**Assignment**
Exact wording is required: give all the records again, minus the pictures.

**Data records**
☆ ☆ ☆ ☆
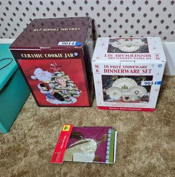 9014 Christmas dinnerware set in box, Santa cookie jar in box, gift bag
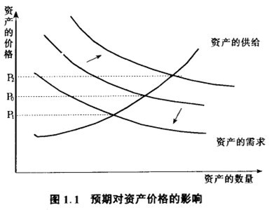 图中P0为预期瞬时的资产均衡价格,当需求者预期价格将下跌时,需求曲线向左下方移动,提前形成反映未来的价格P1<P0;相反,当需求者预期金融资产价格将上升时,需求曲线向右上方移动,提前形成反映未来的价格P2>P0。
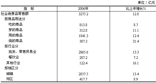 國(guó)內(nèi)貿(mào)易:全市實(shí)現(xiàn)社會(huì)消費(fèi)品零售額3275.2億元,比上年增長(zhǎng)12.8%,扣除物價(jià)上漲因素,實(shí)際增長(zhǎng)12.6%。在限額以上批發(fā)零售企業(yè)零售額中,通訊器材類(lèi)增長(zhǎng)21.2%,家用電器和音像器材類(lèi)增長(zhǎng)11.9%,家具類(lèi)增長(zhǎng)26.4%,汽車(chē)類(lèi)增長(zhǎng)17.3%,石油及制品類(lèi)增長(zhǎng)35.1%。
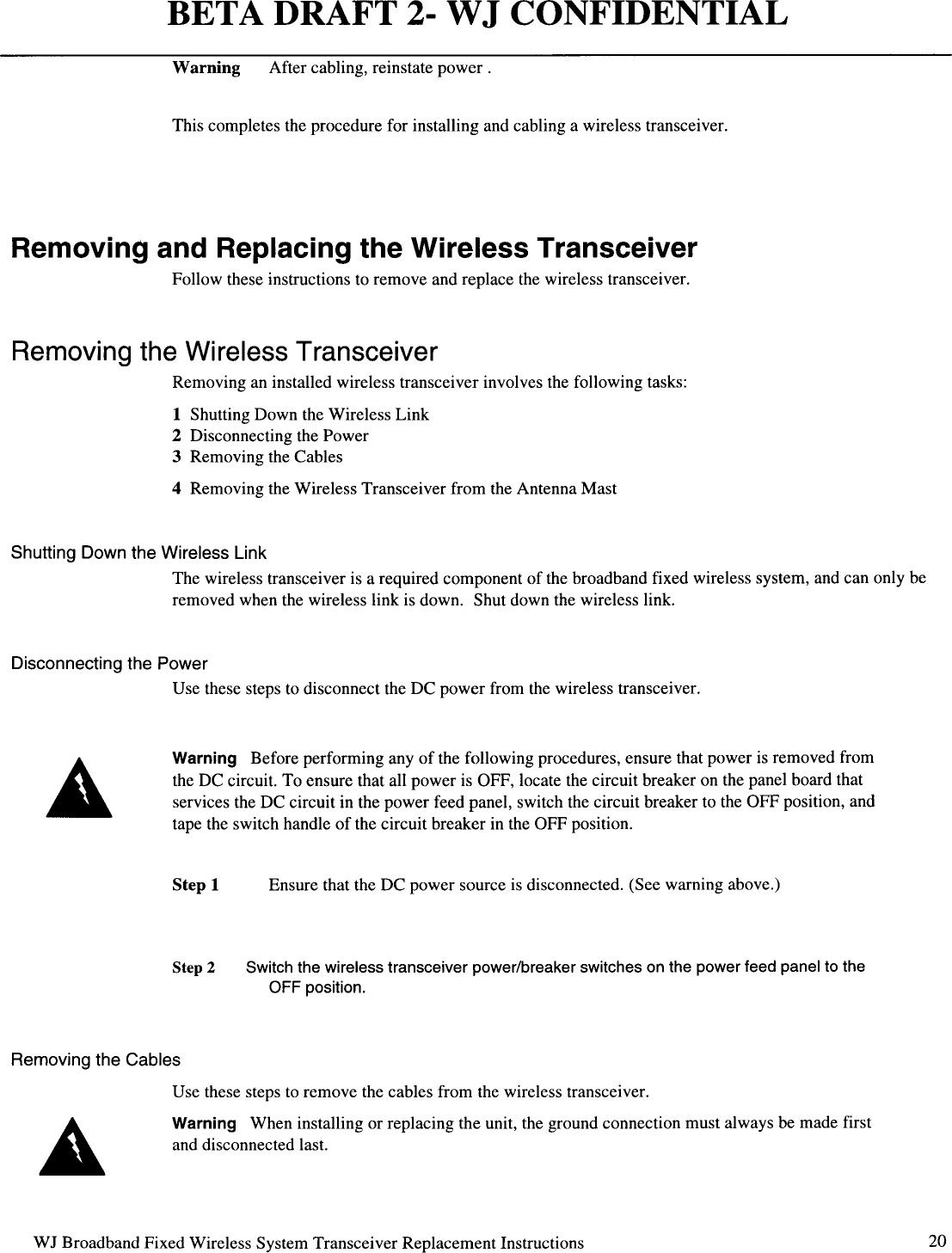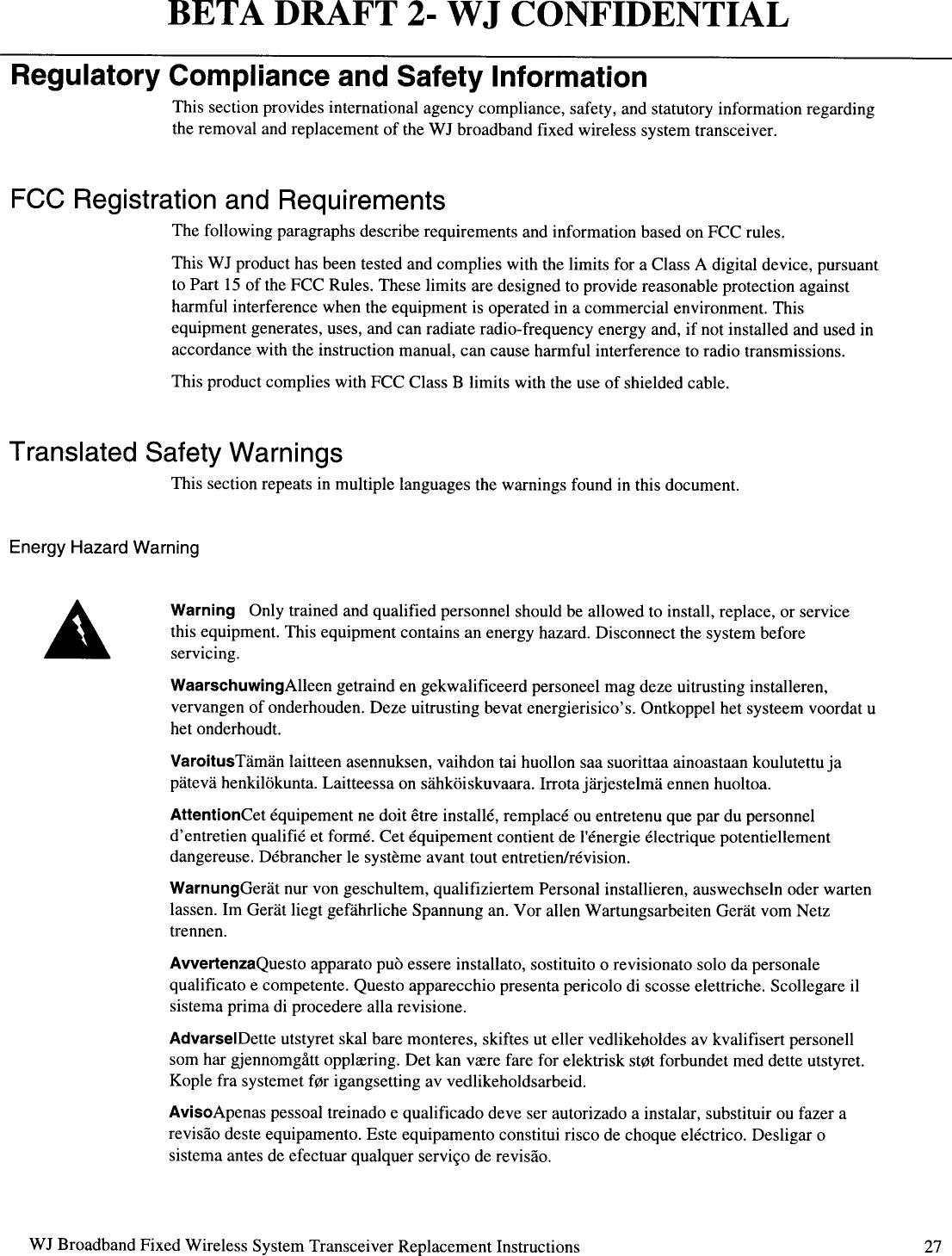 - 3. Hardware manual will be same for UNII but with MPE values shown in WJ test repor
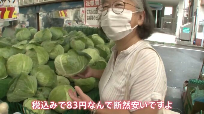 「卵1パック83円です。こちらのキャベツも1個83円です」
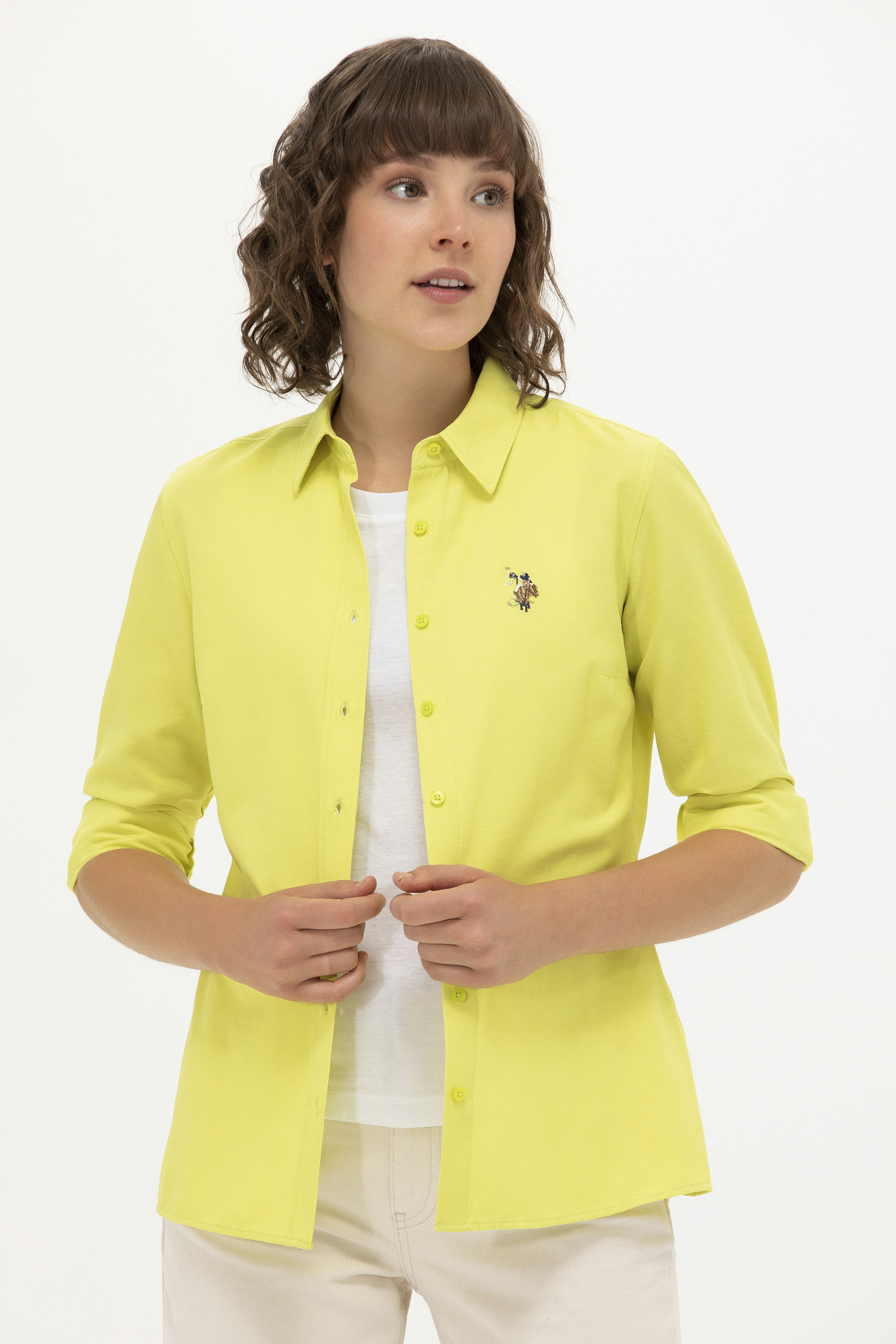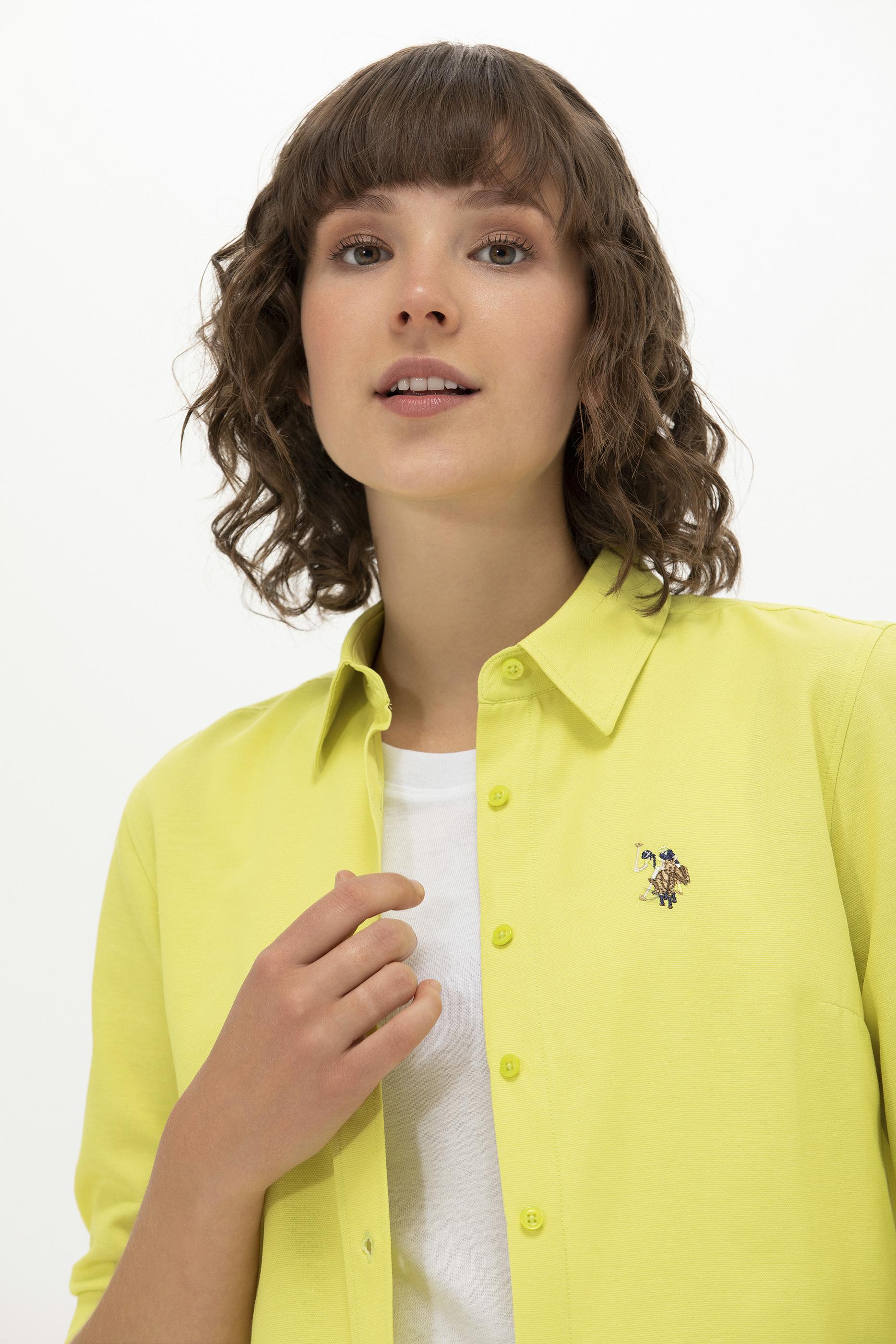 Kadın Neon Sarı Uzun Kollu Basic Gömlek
☆ ☆ ☆ ☆
**Written solution**
 9014 Christmas dinnerware set in box, Santa cookie jar in box, gift bag
 图中P0为预期瞬时的资产均衡价格,当需求者预期价格将下跌时,需求曲线向左下方移动,提前形成反映未来的价格P1<P0;相反,当需求者预期金融资产价格将上升时,需求曲线向右上方移动,提前形成反映未来的价格P2>P0。
 國(guó)內(nèi)貿(mào)易:全市實(shí)現(xiàn)社會(huì)消費(fèi)品零售額3275.2億元,比上年增長(zhǎng)12.8%,扣除物價(jià)上漲因素,實(shí)際增長(zhǎng)12.6%。在限額以上批發(fā)零售企業(yè)零售額中,通訊器材類(lèi)增長(zhǎng)21.2%,家用電器和音像器材類(lèi)增長(zhǎng)11.9%,家具類(lèi)增長(zhǎng)26.4%,汽車(chē)類(lèi)增長(zhǎng)17.3%,石油及制品類(lèi)增長(zhǎng)35.1%。
 - 3. Hardware manual will be same for UNII but with MPE values shown in WJ test repor
 「卵1パック83円です。こちらのキャベツも1個83円です」
 Kadın Neon Sarı Uzun Kollu Basic Gömlek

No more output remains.